This mindset has allowed Ramaswami to break the stereotype of “self-serving” politicians and create a platform of truly impactful change centered around advocating for all interests with integrity. It also allows him to see and acknowledge a variety of perspectives and beliefs, which has helped in appreciating and truly deepening one’s understanding of the diverse populations here in Forsyth County. Overall, this strong worldview and sense of personal character has enabled Ramaswami to serve not just as a solid candidate, but act as an inspiration and role model for those he represents as well.

Another major talking point with respect to Ashwin Ramaswami’s campaign story is his academic qualifications, as he comes from an unorthodox set of disciplines but has found a way to leverage them to best serve and represent his people. He originally started out in computer science, gaining an interest in coding and working in a variety of programming languages from fourth grade. His quest for learning and understanding the world continued through his high school and college years, but there was one moment in particular that truly drew his attention to politics and the public sphere.

“It was really in high school when I saw the news about Donald Trump winning when I was like, ‘Wow, there’s a lot of things wrong in the world, but there are ways we can make things better and fix it,’” Ramaswami explained.

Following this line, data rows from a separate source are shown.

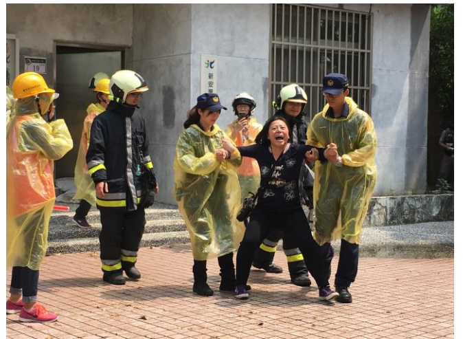
說明：執行保全住戶強制撤離作業。
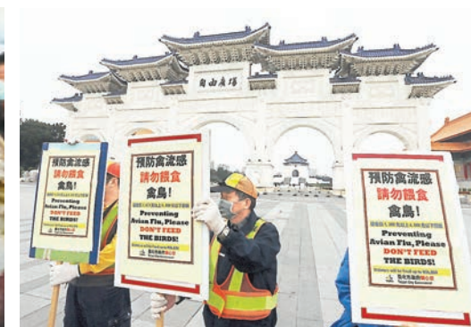
台北禁止民眾餵飼禽鳥。
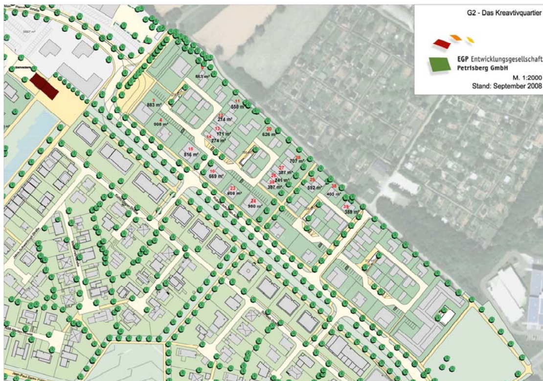
Abb. städtebauliches Konzept BU 16-1

Vielfältige Fußwegebeziehungen ermöglichen eine Vernetzung der unterschiedlichen Hofbereiche und führen hinaus in den umgebenden Landschaftsraum.
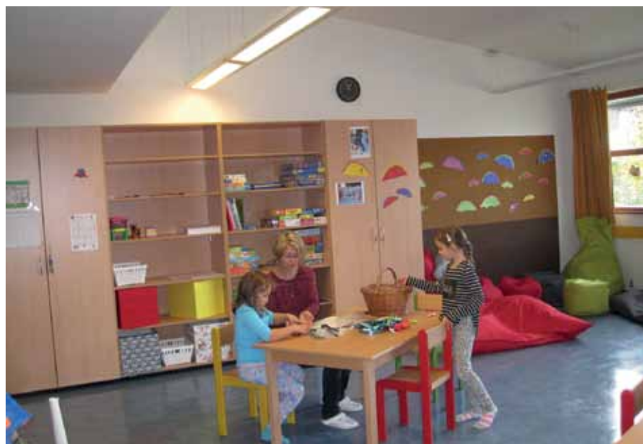
Der Mittagstisch als weiteres Betreuungsangebot
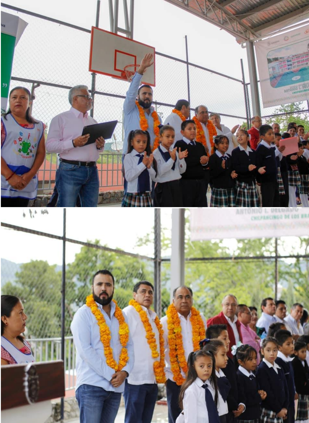
27 DE AGOSTO DE 2019. Inauguración del edificio de la Escuela Francisco Figueroa Mata en Chilpancingo.
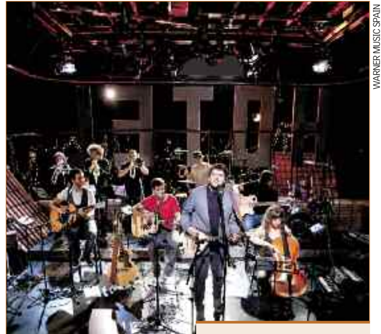
WARNER MUSIC SPAIN

que matiza la razón de su presencia. "No queríamos hacer lo típico que hay ahora tipo un disco de duetos: queríamos hacer al revés, un disco de Despistaos, con nuestras propias canciones, tocadas como nos diera la gana, con más instrumentos, pero que las colaboraciones no fueran ni un reclamo, ni la excusa para hacer el disco, sino simplemente colabora-
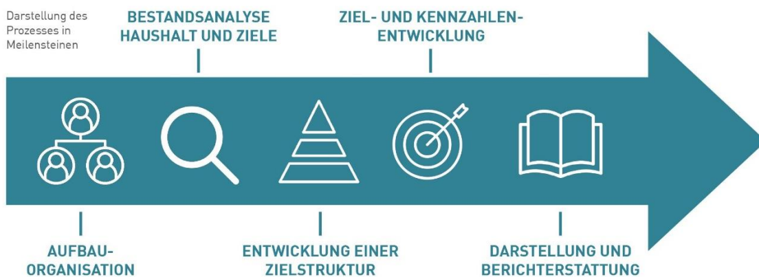
Abbildung 2: Prozess mit Meilensteinen zur Entwicklung eines Nachhaltigkeitshaushalts (LAG21, 2023)

Mit Dank für Ihre Bemühungen und freundlichen Grüßen
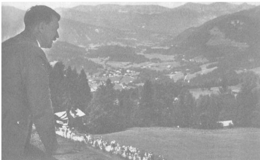
Поглед от терасата на резиденцията на Хитлер „Бергхоф“ към Оберзалцберг.

гигантските върхове наоколо му, които се затварят в голяма арка в далечината, приближават сякаш и се струпват зад Оберзалцберг в Хоен Гьол... Тук, посред тая величествена природа... живее Фюрерът, тук подготвя великите си речи.“
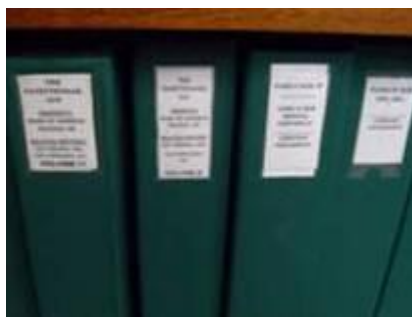
) Objektakten im Archiv
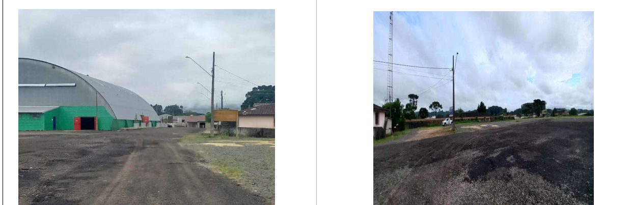
FOTO 5 - VIA DE ACESSO E ENTORNO FOTO 6 - VIA DE ACESSO E ENTORNO
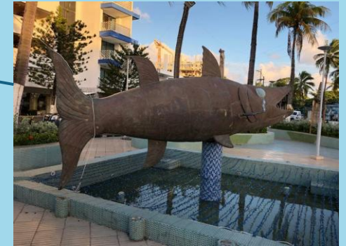
CENTRO DE LA CIUDAD
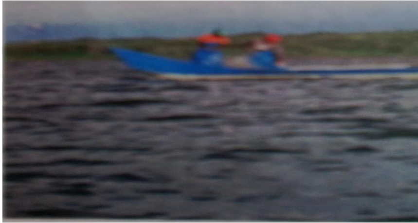
Foto No 2: Habitantes de La ensenada en faena de pesca Por: Ernesto Hernández Bernal, 20014.

Este municipio cuenta con una Institución Educativa en la cabecera municipal y con Centros Educativos en la zona rural.
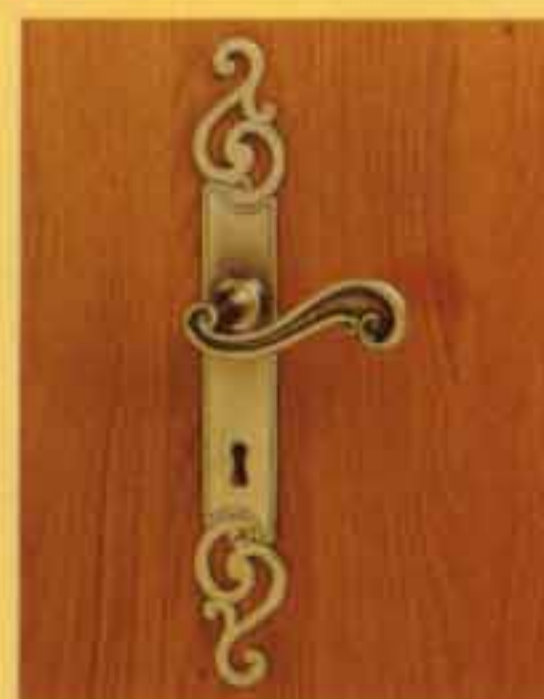
LOUIS XV vieux laiton
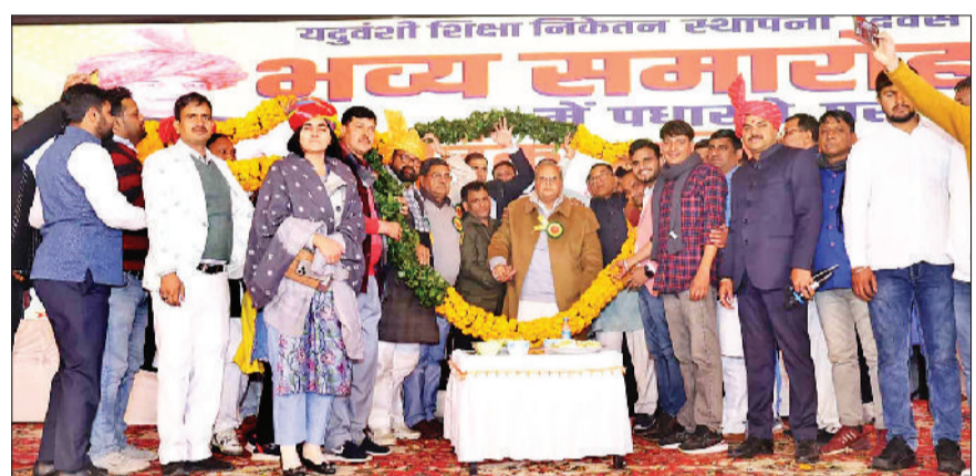
महेन्द्रगढ़। चरखी दादरी में आयोजित कार्यक्रम में अतिथि का बड़ी माला पहनाकर स्वागत करते हुए।
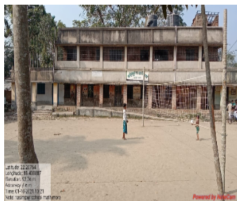
Map No: 22.20764, 88.438887 Date: 01-16-2021 13:21 Note: সম্পূর্ণ স্ক্রিনশট
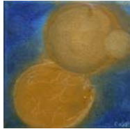
D. Stockmar - Ende und Anfang, Acryl auf Leinwand, 20x20cm, 2014

Former President Trump’s controversial yet successful campaign in 2016, followed by the ensuing election interference scandal just four years later, were just two cornerstones in an era of attack on American democracy and the electoral process. Ramaswami has vivid recollections of being on the front lines of this event, as he worked in cybersecurity for the federal government and was responsible for handling election security during the 2020 episode.

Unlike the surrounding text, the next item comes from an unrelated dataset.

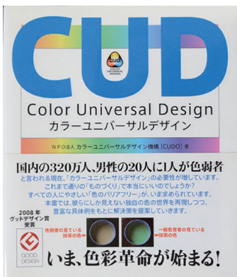
『カラーユニバーサルデザイン』(書籍)

色弱の当事者が書いた1冊。「一般色覚者は色弱を知る。色弱者は一般色覚を知る。その違いを認識し、お互いに理解しあうことは必要であるだけでなく、実はとても楽しいもの」ということを知っていただければと思います(略)あなたが相手を丸ごと理解しようと試みたとき、初めてその色覚も理解され、未来につながる道が拓かれるのだと私は信じます。(同書より)
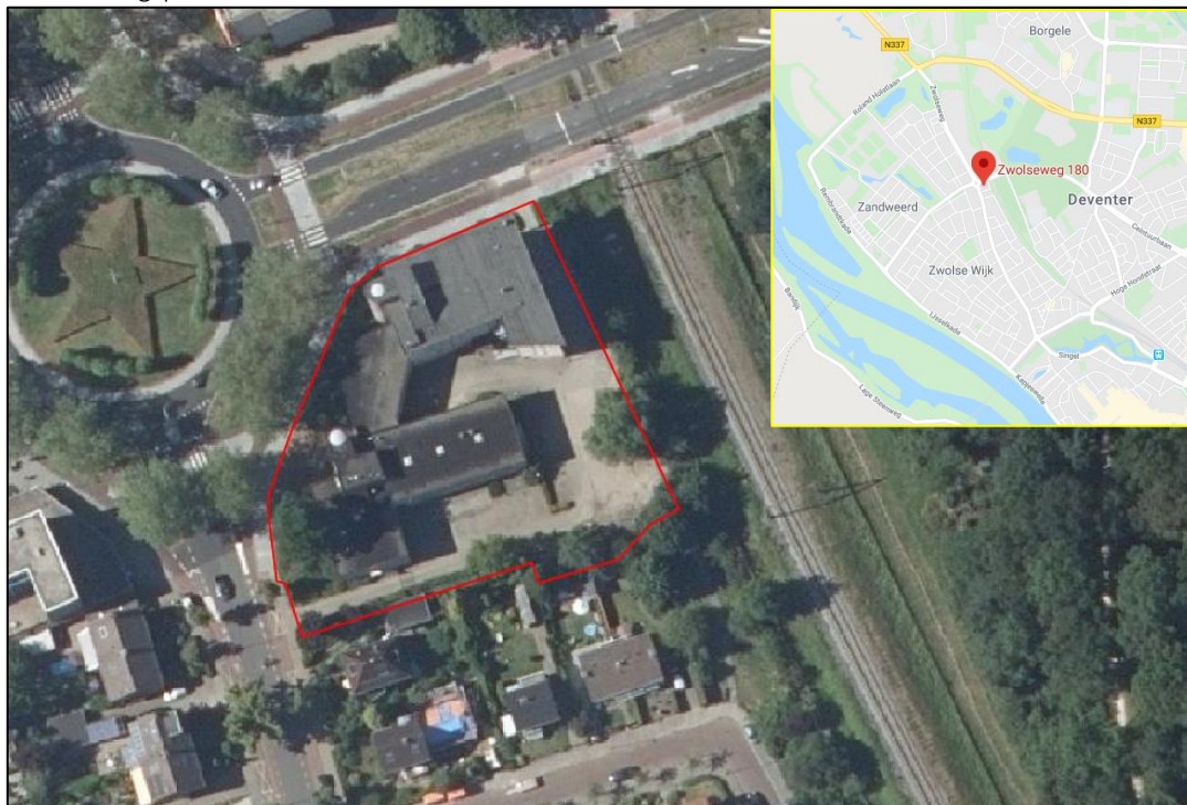
Figuur 1.1 Plangebied (rode contour) en locatie (kaartuitsnede)

Het plangebied ligt aan de Zwolseweg 180 in Deventer (zie figuur 1.1). Het voormalige kantoorgebouw staat nu grotendeels leeg, de onderste verdieping is tijdelijk in gebruik als school. Rondom de bebouwing en de aanliggende parkeerplaats zijn enkele groenelementen aanwezig, het betreft voornamelijk tuinbeplanting. De bebouwing wordt in zijn geheel afgebroken, waarna binnen het plangebied een appartementencomplex wordt gerealiseerd. Bij de voorgenomen ontwikkelingen wordt afgeweken van het vigerende bestemmingsplan.

“One day, I got an email that our boss was fired by President Trump because he made a statement that the 2020 election was the most secure in American history,” Ramaswami recounted. “I just realized that we were in a historical moment there, with me and the people around us just trying to do our jobs and secure the elections while weathering off the storm of politicians trying to undermine the work we were doing.”

This revelatory yet stark moment in not just Ramaswami’s career but in the history of the U.S. truly opened his eyes to the importance of politics and having effective, capable leaders in power. However, the aspects that allow him to emulate his own statement come from his background in not only computer science and cybersecurity but also in fields like law and policy. Ramaswami, after completing his Bachelor’s degree in computer science at Stanford, went on to study law and policy at the famed Georgetown University, which gave him a unique skill set to tackle a plethora of issues.

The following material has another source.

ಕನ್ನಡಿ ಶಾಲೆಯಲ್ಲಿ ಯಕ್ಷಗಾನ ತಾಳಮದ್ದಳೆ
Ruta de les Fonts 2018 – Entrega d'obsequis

“People often ask me why I switched from computer science to law, but I tell them that it’s not a switch rather than a deepening in my expertise of both,” Ramaswami explained. “I’m one of the only people who’ve done tech, law, policy, and now state politics…if you’re able to take really important topics and bring them together, you can really become the person that people need.”

During his time at Stanford as a computer science student, Ramaswami had many experiences working for tech companies, but he often felt like a cog in a corporate machine and that his work lacked a deeper meaning. This spurred him into joining the federal government as a cybersecurity expert and later transitioning into law and policy, where he felt like his contributions truly mattered to his role and to his community. Ramaswami’s ability to synthesize a variety of different career fields, albeit unorthodox, into one cohesive thought process has enabled him to see political issues through a unique lens and provide novel solutions.

“When I did law, I started focusing on tech law and policy, and I was a very good voice in the room because I actually had coded before,” Ramaswami explained. “I knew how systems worked, whether it was AI, cybersecurity…it felt way more impactful, so that’s really what made me switch to the law and policy realm.”

Many politicians in office today do not have a tech background or even a view of contemporary issues through such a contemporary lens, which makes attacking the heart of the problem difficult without the proper expertise to do so. Ramaswami, by melding together multiple fields in order to accomplish this very feat, has established himself as not only a compassionate but also a competent candidate for the Georgia state senate. 

“Digital mediums have been very helpful, as most of their hearing about me for the first time is through social media or some kind of online presence,” Ramaswami explained. “That’s gotten a lot of traction, and we hope to reach out to everyone, whether it’s younger people on Instagram or older people on Facebook. Wherever people are, we wanna make sure we’re there.”

This attitude reflects the power of social media in exploiting a larger audience and connecting with a variety of people through technology. As someone all too familiar with the digital realm himself, Ramaswami demonstrates how social media can unite people under one cause in an age where it is demonized for distancing users from reality. Furthermore, if Ramaswami is elected this coming November, he would be the first Gen-Z state senator in the history of Georgia, and using social media as a tool to connect rather than divide exemplifies the propensity of the younger generation for impactful change. With the world at their fingertips, younger people across the globe are getting involved in issues large and small, taking action themselves to cause meaningful change and spark social conversation. Ramaswami hopes to exemplify this spirit and pass it on to others looking to cause a wave of difference themselves.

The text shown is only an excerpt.